New glasses helped Operator 22 increase her pay by more than 15 percent. At the same time, she increased her quality sufficiently to become a “Gold Star” looper. (The basic requirement to become a “Gold Star” looper was to produce no more than three mendable defectives per month. Being a “Gold Star” looper was a considerable honor, and those who lost this rating worked hard to regain it the next month.)

This experience also prompted the company to reconsider its lack of policy regarding eye exams. It finally mandated periodic vision examinations for all operators. The initial group of examinations revealed additional operators who had real difficulties in seeing well enough to do their work.


Figure 4: np-chart for Operator 27

Operator 27 seemed to be the least capable operator during the analysis period. When the supervisor discussed her chart with her, and explained the quality improvement program, her response was: “Why, I’ve been here for 5 years, and this is the first time anybody has told me they were interested in good quality. I can do a much better job, if it makes any difference.” Her record in August, and thereafter, attests to the accuracy of her statement.

The record of Operator 106 deteriorated between June and July. She had been moved from the training room to the production line in June. Beginning in July she was pressured to improve her production in order to minimize the make-up pay. In response to this pressure she had increased production and she had also increased her proportion of defective stockings.

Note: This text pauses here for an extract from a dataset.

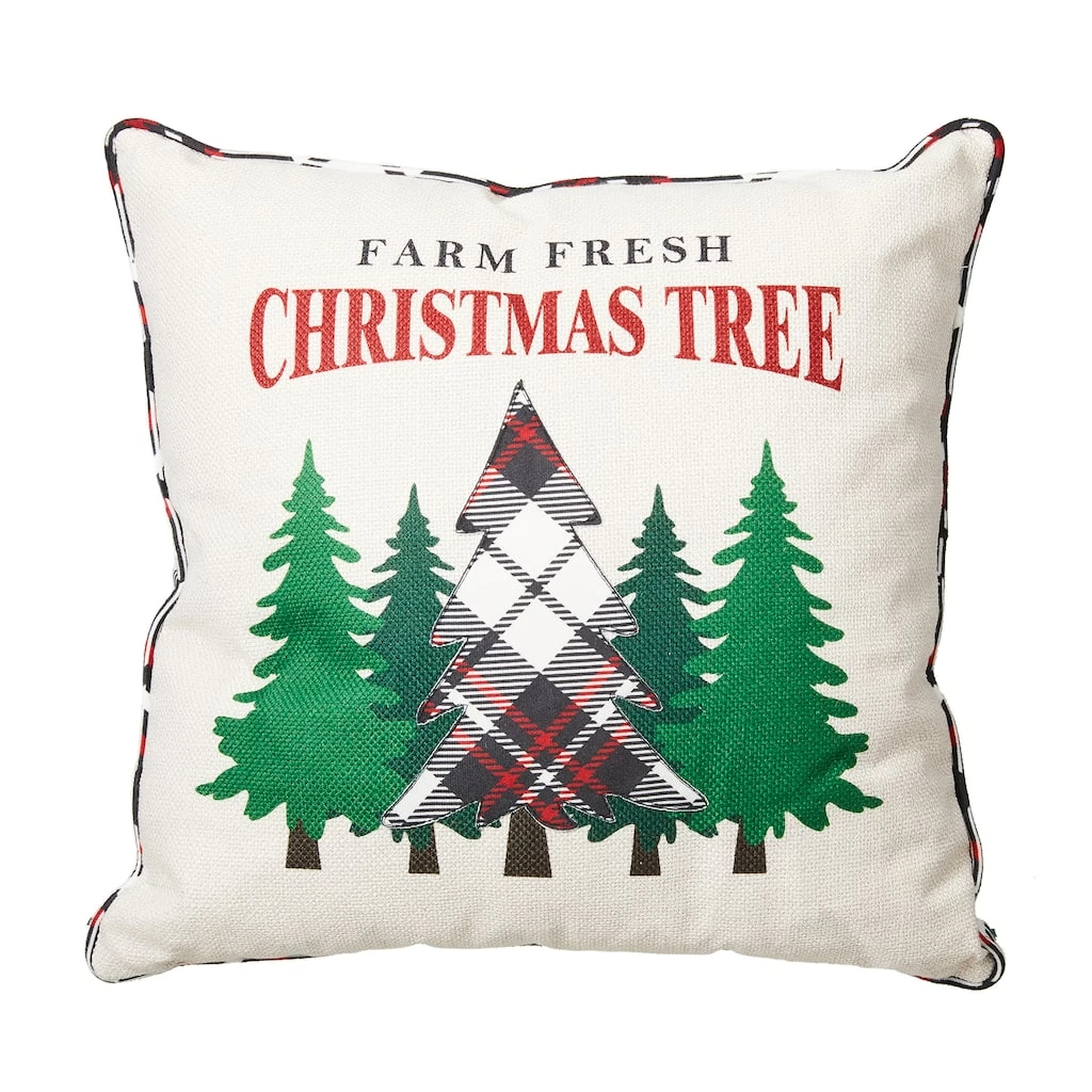 This beautiful heavy cotton Christmas pillow is adorned with trees and Christmas sentiments in front and has plaid fabric on the back. Surely a perfect choice for home decoration and centerpiece in your living room.

Figure 5: np-chart for Operator 106

As the supervisor searched for an explanation for her poor performance, he found that her personnel record noted an impairment in her right arm. This impairment made it difficult for her to load the stockings on the looping machine, thus slowing her down. By obtaining a “Handicapped Worker's Certificate” from the U. S. Dept. of Labor the supervisor could exempt her from the minimum wage. This removed the pressure to produce more, and allowed her to produce a higher percentage of good pieces. Following this exemption her only bad day occurred when she had to adjust to a new type of knitting.

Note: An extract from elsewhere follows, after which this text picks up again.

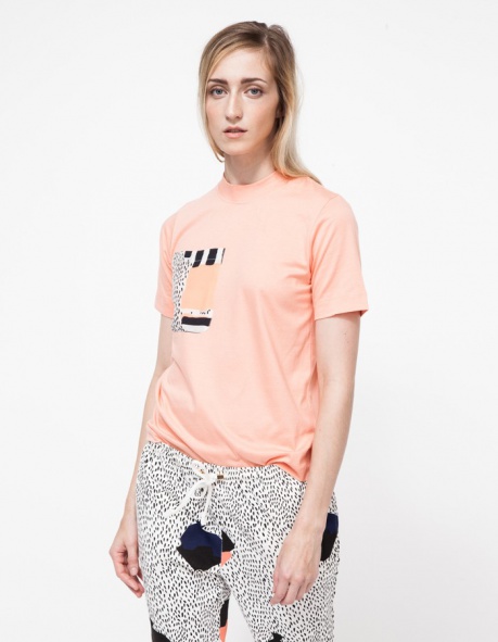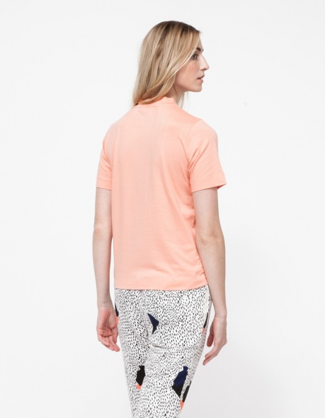 From Stelen, a button front blouse with a geometric cut hemline. Features a rounded front hem, a longer back hem, cuffed sleeves, and a pointed collar with a relaxed, boxy fit.

In spite of these successes, it was the case of Operator 73 that ended resistance to SPC in the mill. Operator 73 was in her early sixties and had been looping for 10 years. During June and July her production had either been up or down, very bad or very good, with nothing in between. The supervisor worked with her during August and noted some improvement. In September she decided that new glasses might help, but the chart shows no evidence of improvement.


Figure 6: np-chart for Operator 73

By October it was apparent that Operator 73 had improved as much as possible. When compared to other operators during the same time period, her work was indeed poor. Although the supervisor didn’t think that she could do any other job at the plant, he was reluctant to terminate a 10-year employee. He decided to give her more time.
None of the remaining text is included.